Diskussion um Studiengebühren:"Ohne Ersatz bräche Chaos aus"

Mit dem Geld hat er viele neue Stellen geschaffen, Projekte gestartet und die Studienberatung intensiviert. Hochschul-Präsident Kortstock sieht die aktuelle Debatte um die Abschaffung der Studiengebühren mit Sorgen. Sollten sie abgeschafft werden, sei es an der Politik, für Kompensation zu sorgen.

Sebastian Krass

Diskussion um Studiengebühren: 8,5 Millionen Euro bringen die Studiengebühren der Hochschule für angewandte Wissenschaften in München jedes Jahr ein.

8,5 Millionen Euro bringen die Studiengebühren der Hochschule für angewandte Wissenschaften in München jedes Jahr ein.
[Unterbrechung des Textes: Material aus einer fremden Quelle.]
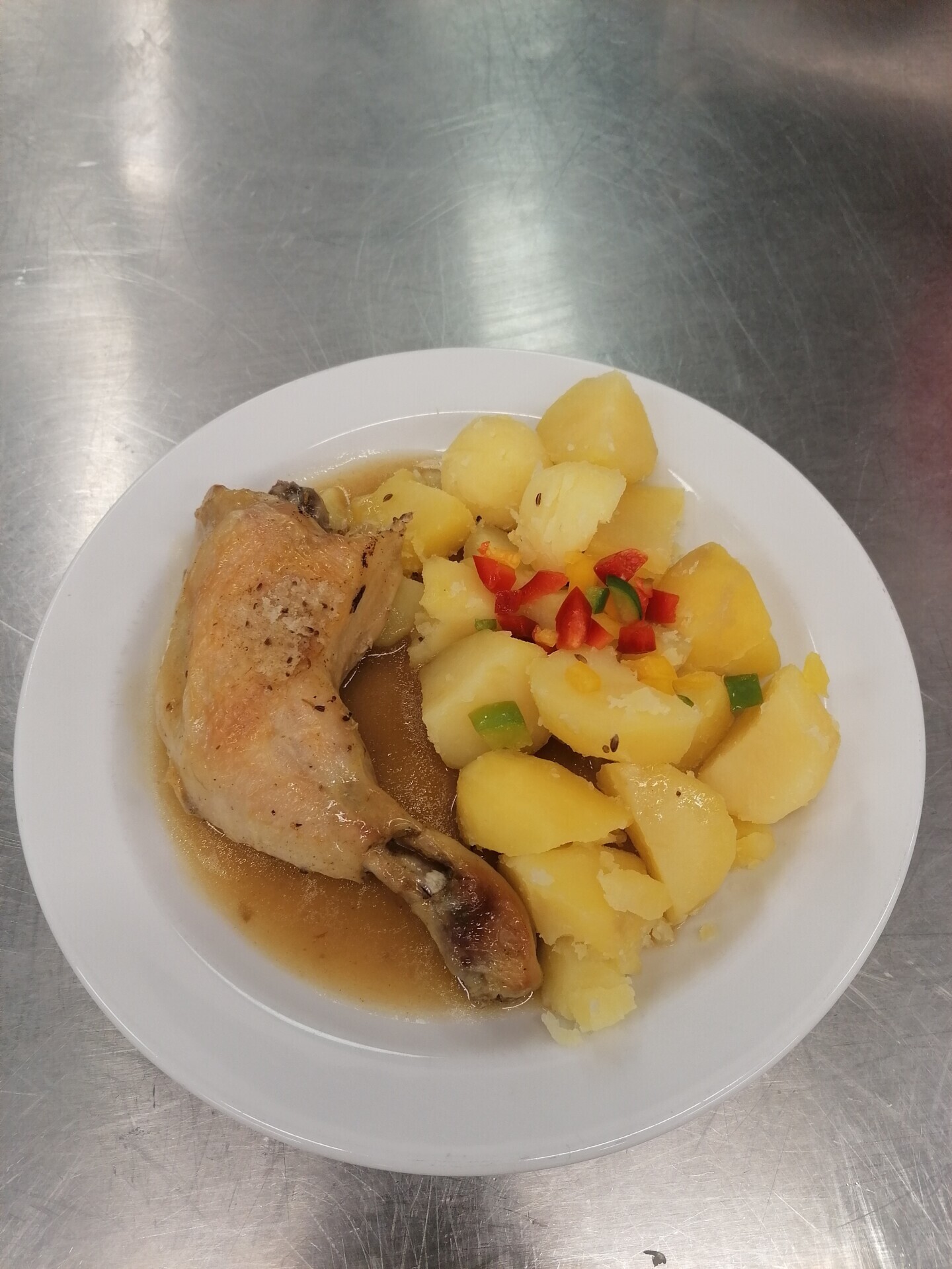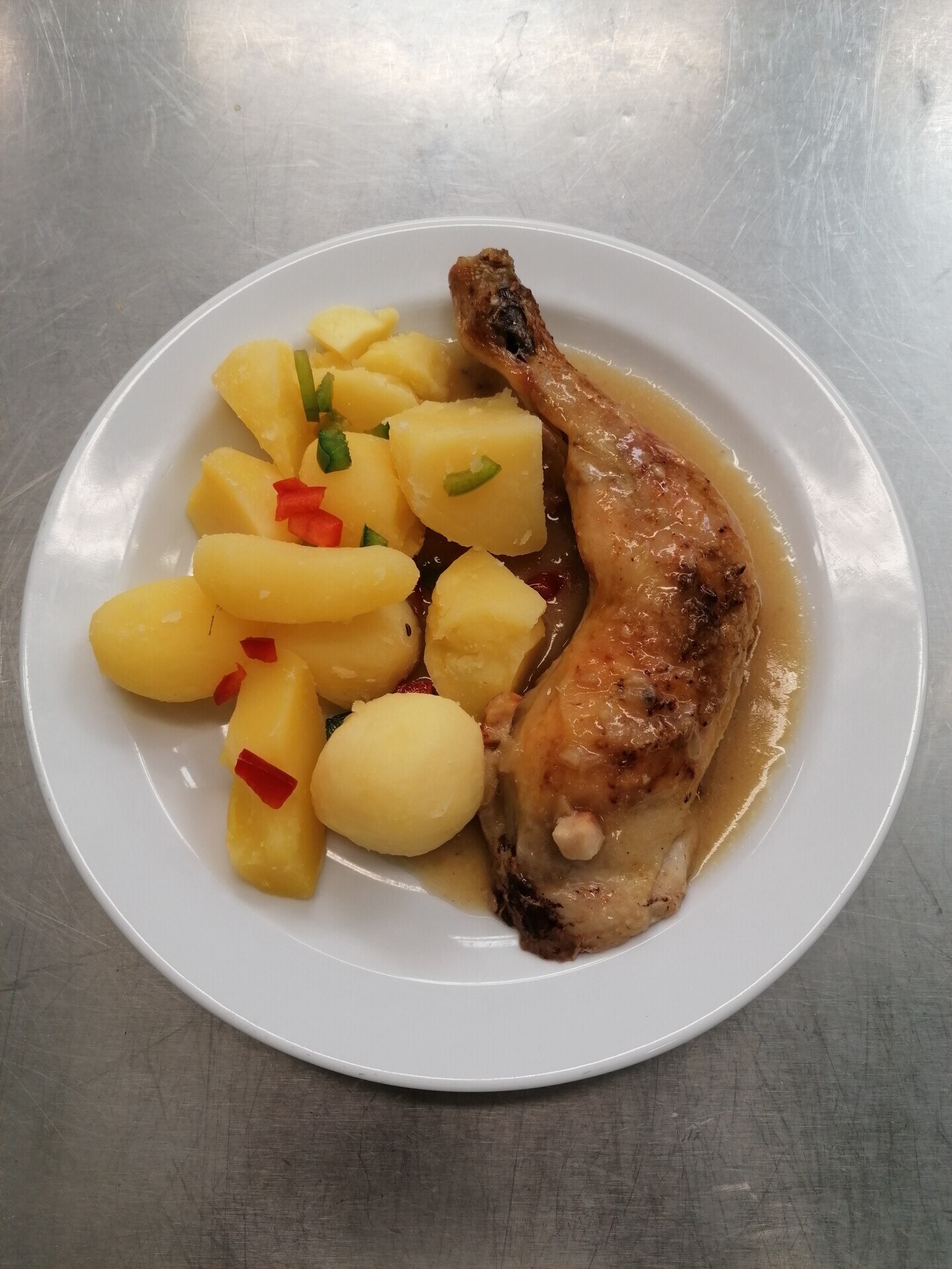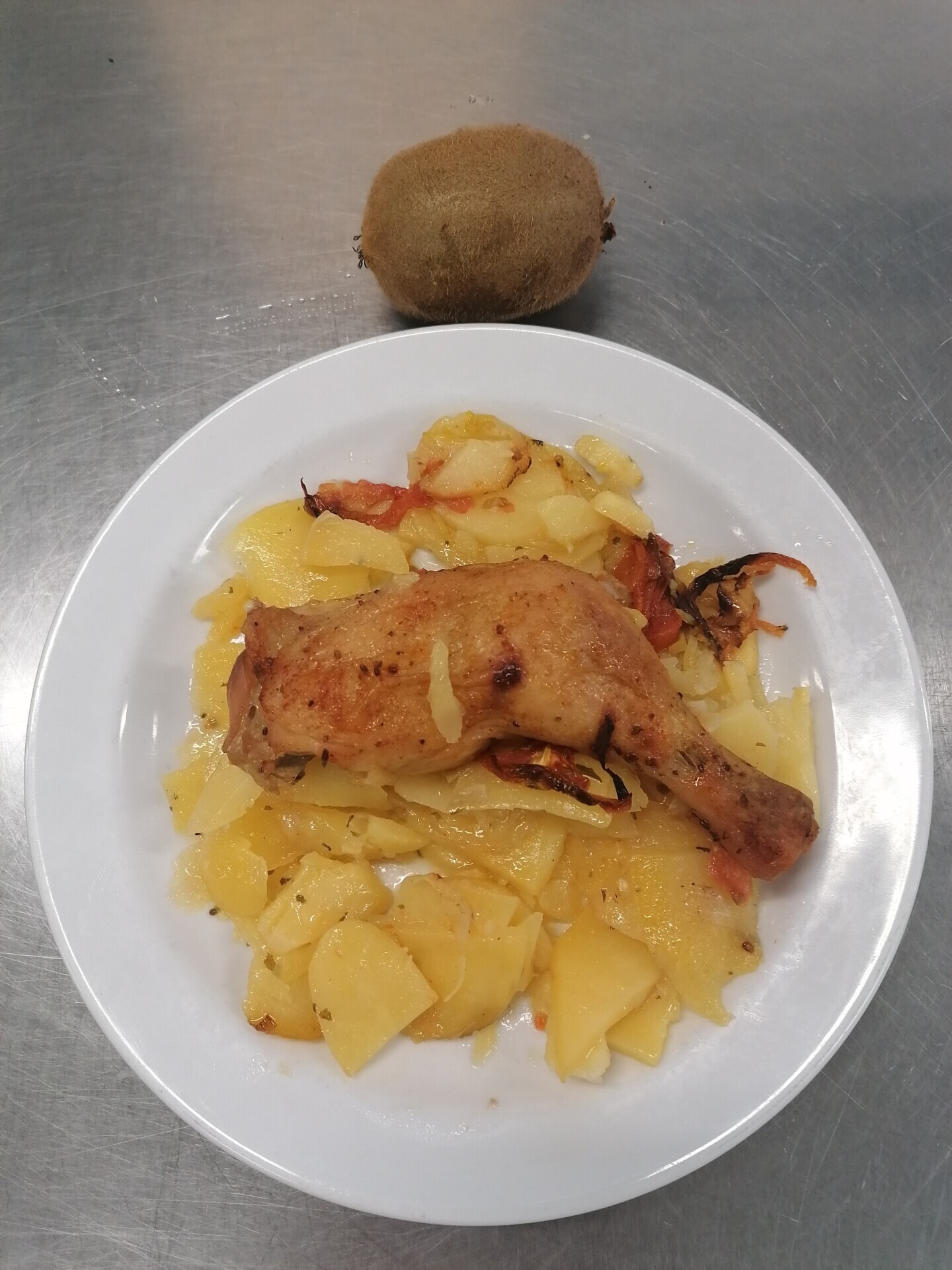 Zapečené brambory s rajčaty a kuřecím stehnem

(Foto: Alessandra Schellnegger)

Michael Kortstock, 58, ist seit 2008 Präsident der Hochschule für angewandte Wissenschaften München (HM), früher Fachhochschule. In diesem Sommer wurde der Elektrotechniker für weitere vier Jahre bestätigt. Seit diesem Wintersemester hat die HM erstmals mehr als 17.000 Studenten, sie ist mit Abstand die größte Hochschule ihrer Art in Bayern und die zweitgrößte in Deutschland, nach Köln.

SZ: Herr Kortstock, am Montag hat der Verfassungsgerichtshof ein Volksbegehren gegen Studiengebühren - oder Studienbeiträge, wie sie offiziell heißen - zugelassen, seitdem ist die Landespolitik in Aufruhr. Wie erleben Sie die Debatte?

Michael Kortstock: Mit großer Sorge. Wir haben aus Studienbeiträgen Einnahmen von etwa 8,5 Millionen Euro pro Jahr, die werden bei uns absolut zielgerichtet eingesetzt. Wir haben 113 Stellen geschaffen und viele einzelne Projekte gestartet, etwa für eine intensivere Studienberatung oder um die Abbrecherquote zu senken.

Und was passiert, wenn die Studiengebühren wegfallen?

Viele Projekte sind auf lange Sicht angelegt, die müssen weiter finanziert werden. Außerdem haben wir den Vertrauensschutz gegenüber unseren Mitarbeitern. Wenn wir all das zu guten Teilen ohne Kompensation aus dem Globalbudget bezahlen müssten, würde Chaos ausbrechen.

Es werden aber auch viele kleinere Sachen aus Studiengebühren bezahlt. Wenn Bibliotheken früher schließen, ist das bedauerlich, aber verkraftbar. Wie viel Prozent Kompensation bräuchten Sie, um Chaos zu verhindern?

Eigentlich brauchen wir 100 Prozent, weil wir das Geld ja sinnvoll ausgeben. Aber ich weiß, dass man in anderen Bundesländern, in denen die Studienbeiträge abgeschafft wurden, von 80 Prozent ausgegangen ist. Das ist die absolute Untergrenze, weniger wäre sehr, sehr gefährlich. Und ganz wichtig ist, dass wir über eine langfristige Kompensation reden, nicht nur über ein Abfedern von einem Jahr. Andernfalls kommt das Chaos dann in einem Jahr.

Vermissen Sie beim Agieren der Koalition die nötige Verlässlichkeit?

Als in anderen Ländern die Beiträge gekippt wurden, habe ich schon gesagt, dass die Debatte auch in Bayern in Gang kommen wird. Jetzt ist durch das Volksbegehren viel Druck im Kessel. Aber dass es so schnell gehen könnte, habe ich nicht erwartet. Wir haben dauerhafte Stellen aus Studienbeiträgen ja in Abstimmung mit dem Ministerium geschaffen. Andererseits haben wir Zielvereinbarungen mit dem Ministerium, mit Verpflichtungen in beide Richtungen, die wurden auch eingehalten. Darüber werden wir 2013 neu verhandeln.

Könnten harte Verhandlungen werden.

Vielleicht. Aber wenn die Beiträge fallen sollten, kann man die Verlässlichkeit der Politik an der Kompensation prüfen. Wenn kein signifikant höherer Betrag aus dem Staatshaushalt an die Hochschulen geht, dann müssen die Erwartungen an die Hochschulen eben heruntergeschraubt werden.